■ TO DO:
Once the images are set aside, output the listing exactly as it stands.

═══ COLLECTED MATERIAL

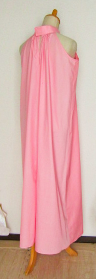 | こちらは、以前からおつくりしていたアメリカンスリーブのワンピース。ゆったりの首まわりからつながるリボンを後ろ結び。 身ごろの広がりが生地を使う方向により、2パターンあります |
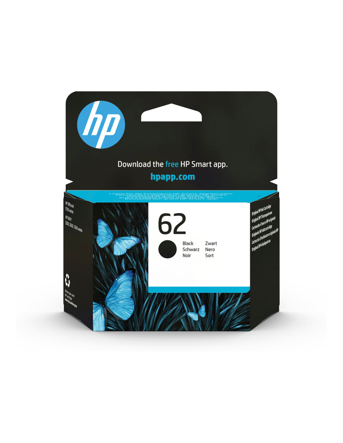 HP Cartucho de tinta original 62 negro. Tipo de cartucho de tinta: Rendimiento estándar, Tipo de tinta negra: Tinta a base de pigmentos, Volumen de tinta negra: 4 ml, Cantidad por paquete: 1 pieza(s),Rendimiento de impresión de página con tinta negra: 200 páginas
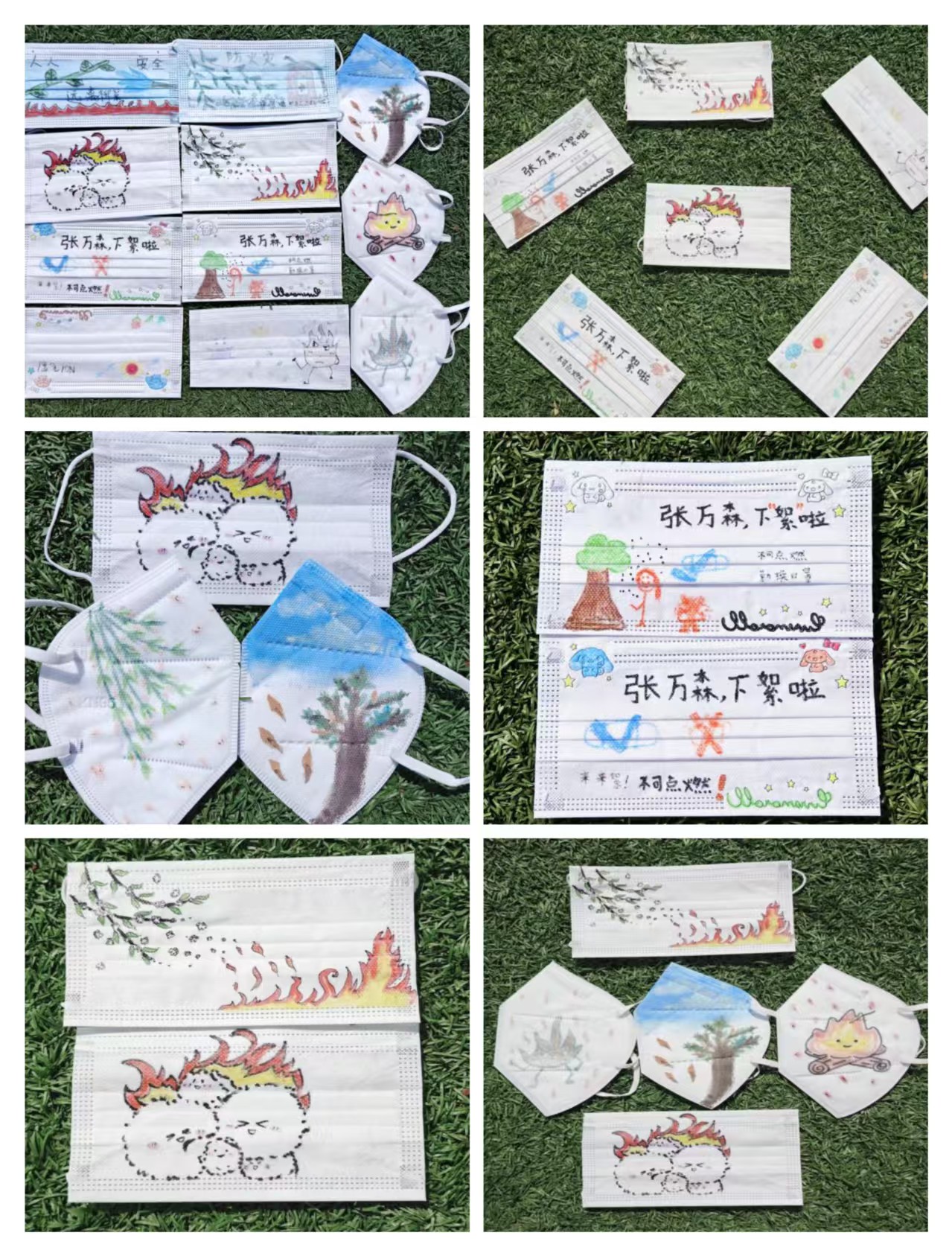 活动过程中,同学们热情高涨,创意频出。在创作的口罩作品中,有的以细腻笔触绘出垂柳依依,柳枝间点缀小心形图案,既展现春日美景,又寓意着对安全的珍视,提醒大家在杨柳絮纷飞季做好防护;有的则呈现出苍劲松枝的场景,几片柳叶飘落,传达出面对柳絮火灾隐患要时刻保持警觉之意;还有的则用绿叶、竹子等元素,配上“远离柳絮”“不可点燃”等字样,突出防柳絮、易着火主题。同学们利用色彩搭配和巧妙构图,将实用口罩转变为兼具防护功能与艺术价值的物品。

══════

■ ANSWER SPACE:
 | こちらは、以前からおつくりしていたアメリカンスリーブのワンピース。ゆったりの首まわりからつながるリボンを後ろ結び。 身ごろの広がりが生地を使う方向により、2パターンあります |
 HP Cartucho de tinta original 62 negro. Tipo de cartucho de tinta: Rendimiento estándar, Tipo de tinta negra: Tinta a base de pigmentos, Volumen de tinta negra: 4 ml, Cantidad por paquete: 1 pieza(s),Rendimiento de impresión de página con tinta negra: 200 páginas
 活动过程中,同学们热情高涨,创意频出。在创作的口罩作品中,有的以细腻笔触绘出垂柳依依,柳枝间点缀小心形图案,既展现春日美景,又寓意着对安全的珍视,提醒大家在杨柳絮纷飞季做好防护;有的则呈现出苍劲松枝的场景,几片柳叶飘落,传达出面对柳絮火灾隐患要时刻保持警觉之意;还有的则用绿叶、竹子等元素,配上“远离柳絮”“不可点燃”等字样,突出防柳絮、易着火主题。同学们利用色彩搭配和巧妙构图,将实用口罩转变为兼具防护功能与艺术价值的物品。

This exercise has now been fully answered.